Practice, practice - experimenting is the best way to crack this low light stuff. Takes alot of effort and patience to get it right.

Looks good from here, particularly for a first attempt (y)
 
Something different you've put up for us ... and it taught you a thing or two along the way ... can't be bad ... (y)

A good set posted Andy ... but I think you have already highlighted the main problems you experienced ... ;)

As WS says ... practice what you have picked up and let's see how the improvement goes ... you have a great offer there from the club ... go for it ... :thinking:

I would say some of the shots show a little blur from movement ... imo it either wants to be a feature or disposed of altogether ... at the moment I don't think it's either ... but early days ... :shrug:

You could also do with isolating the subject a bit more from the background ... good chance to practice with DoF effects ... :D

TFS ... :p
 
2nd shot is really good. Must have been hard shooting their white kit.
 
Nice start. Good work on the custom WB and well thought out. I think I would go to 1600 here and open it up as fast as you can, maybe get to 400/500 to try and freeze it. Of course, if you get some hi ISO grain then b and W them and put together a photo essay, it would look fab.

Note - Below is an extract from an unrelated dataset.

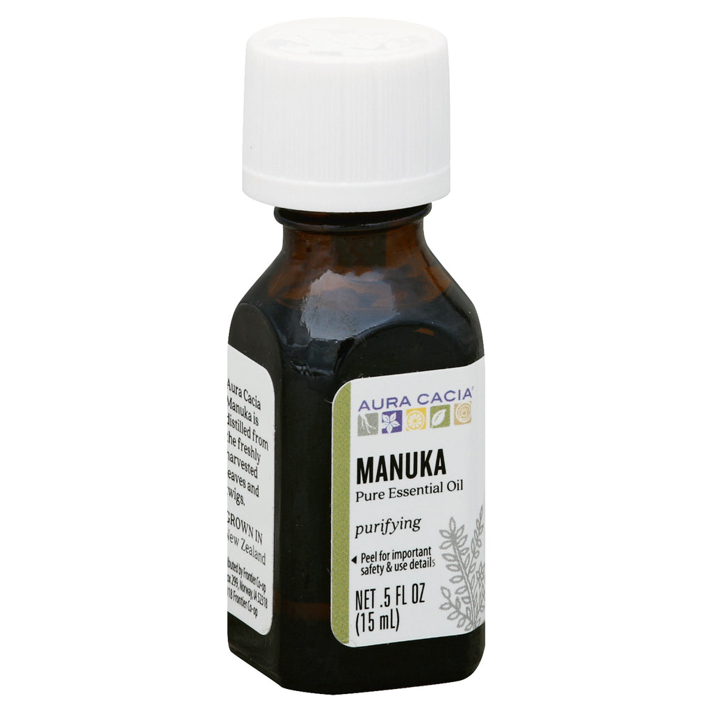 PRODUCT DETAILS: Aura Cacia Manuka is distilled from the freshly harvested leaves and twigs. Our Promise: single botanical; no synthetics; tested for authenticity; not tested on animals. Positive change project. Grown in New Zealand.
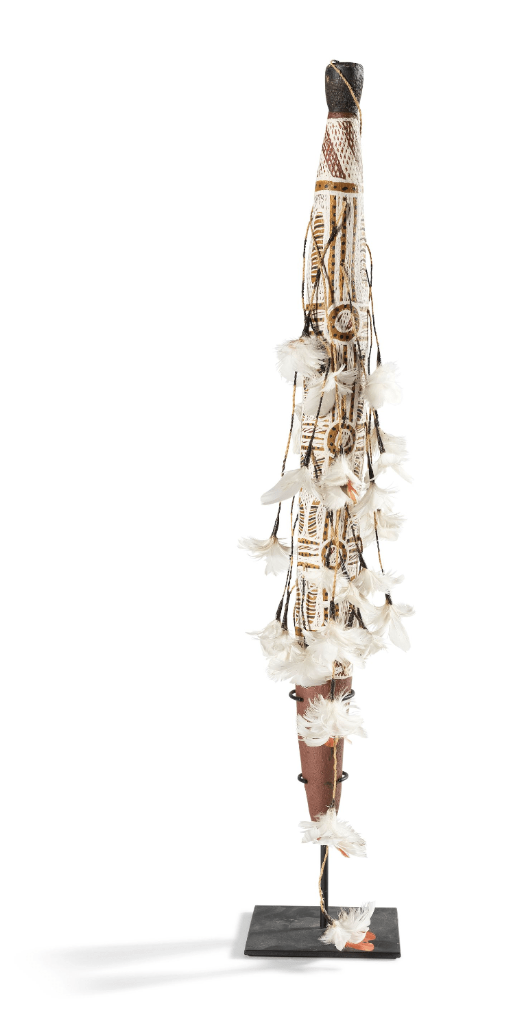 « Tutini and Tunga » h.260 cm – 2007 Provenance: Certificate of authenticity from arts centre Jilamara Art EXHIBITION Noosa Long Weekend Festival 2008, Qld Bruce McLean,‘Everything Returns to Place’ in Seva Frangos et al.,Timothy Cook: Dancing with the Moon, UWA Publishing, Crawley, 2015, p.67 VENDU

I think I would look to shoot the faces so position yourself behind either of the folks taking part and capture some visceral impact stuff from the faces, then look to capture some hands hitting on impact as best you can. (see my fight stuff as an example).

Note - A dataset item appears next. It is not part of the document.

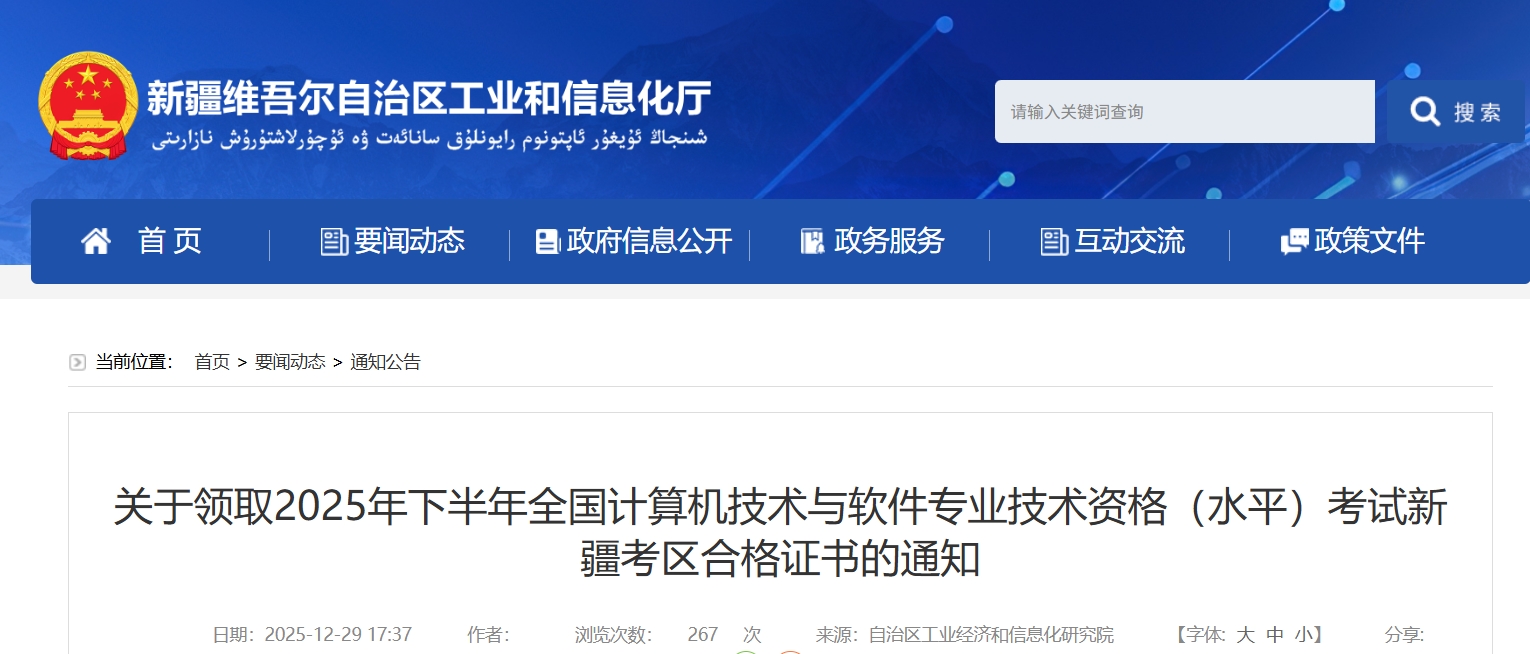 关于领取2025年下半年全国计算机技术与软件专业技术资格(水平)考试新疆考区合格证书的通知
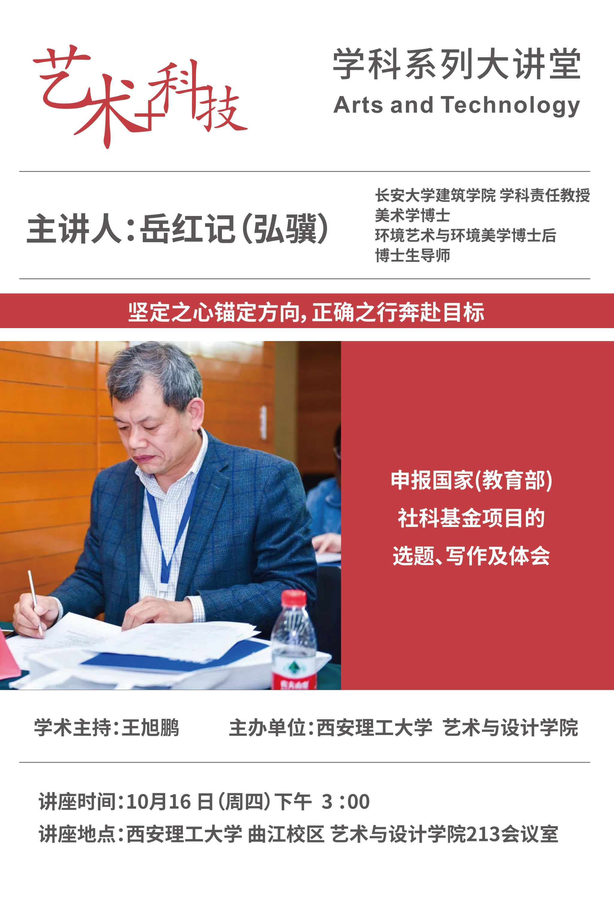 为切实提升2026年度国家(教育部)社科基金项目的申报质量,艺术与设计学院于10月16日下午,在艺设楼213会议室面向全体教师举办了“艺术+科技:坚定之心锚定方向,正确之行奔赴目标”为主题讲座。本期特邀长安大学建筑学院学科责任教授博士生导师岳红记教授,担任主讲嘉宾。学院全体申报相关项目的教师参会,会议由主持工作副院长王旭鹏主持。 岳红记教授以其深厚的学术积淀和丰富的项目评审、指导经验,为学院教师带来了...

Finally, may be worth bouncing a flash in second curtain + hi speed to see how that helps light it for you.

Nice start and a great place to educate yourself with you camera and your cards.
 
Thanks for the comments and tips, I think next time I'll open the aperture right up, to isolate the combatant more and up the ISO until I get a high shutter speed in the range Diego suggested.

As for flash I'm not sure they'll be keep on my using it but I will ask, also the ceiling is very high so I'm not sure how effect it would be. Could I bounce it off the walls though ? would that have the same effect ?

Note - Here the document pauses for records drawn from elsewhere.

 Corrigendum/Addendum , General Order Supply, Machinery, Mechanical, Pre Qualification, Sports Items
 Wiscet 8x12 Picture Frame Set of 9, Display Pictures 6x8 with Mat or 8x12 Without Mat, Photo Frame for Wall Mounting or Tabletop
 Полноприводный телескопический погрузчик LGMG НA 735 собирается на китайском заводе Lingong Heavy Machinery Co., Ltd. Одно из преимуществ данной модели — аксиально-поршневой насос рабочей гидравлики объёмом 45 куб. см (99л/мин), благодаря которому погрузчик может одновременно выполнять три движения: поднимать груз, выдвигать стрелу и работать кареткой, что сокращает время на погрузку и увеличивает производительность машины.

When shooting things like this is it best to use just one AF point or select them all and let the camera handle it? last night I select just one AF point and quite a lot of the shot were very soft.
 
Thanks for the comments and tips, I think next time I'll open the aperture right up, to isolate the combatant more and up the ISO until I get a high shutter speed in the range Diego suggested.

As for flash I'm not sure they'll be keep on my using it but I will ask, also the ceiling is very high so I'm not sure how effect it would be. Could I bounce it off the walls though ? would that have the same effect ?

When shooting things like this is it best to use just one AF point or select them all and let the camera handle it? last night I select just one AF point and quite a lot of the shot were very soft.


Always focus and target the face. That is the shot (y)

Think about a monopod as well :)
 
Great set for a first time (y) They are so clean and crisp, iso 800 indoors is fantastic I woulden't be dissapointed if I got that every week. As Diego said get the action and power in the faces and you can get soe really nice stuff with blurred out backgrounds and so on. Can't wait to see the second selection :)
 
Big respect, I'm still eons away from reaching the stage you're at, getting those whites right etc:notworthy:

Thanks for telling us how you did it, and the problems you solved along the way. The whole White Balance thing is something I have to learn.

I think I agree with Diego; maybe try pushing the ISO right up and doing them in BW. But then, I'm a sucker for grainy prints in mono! It should look good with the white.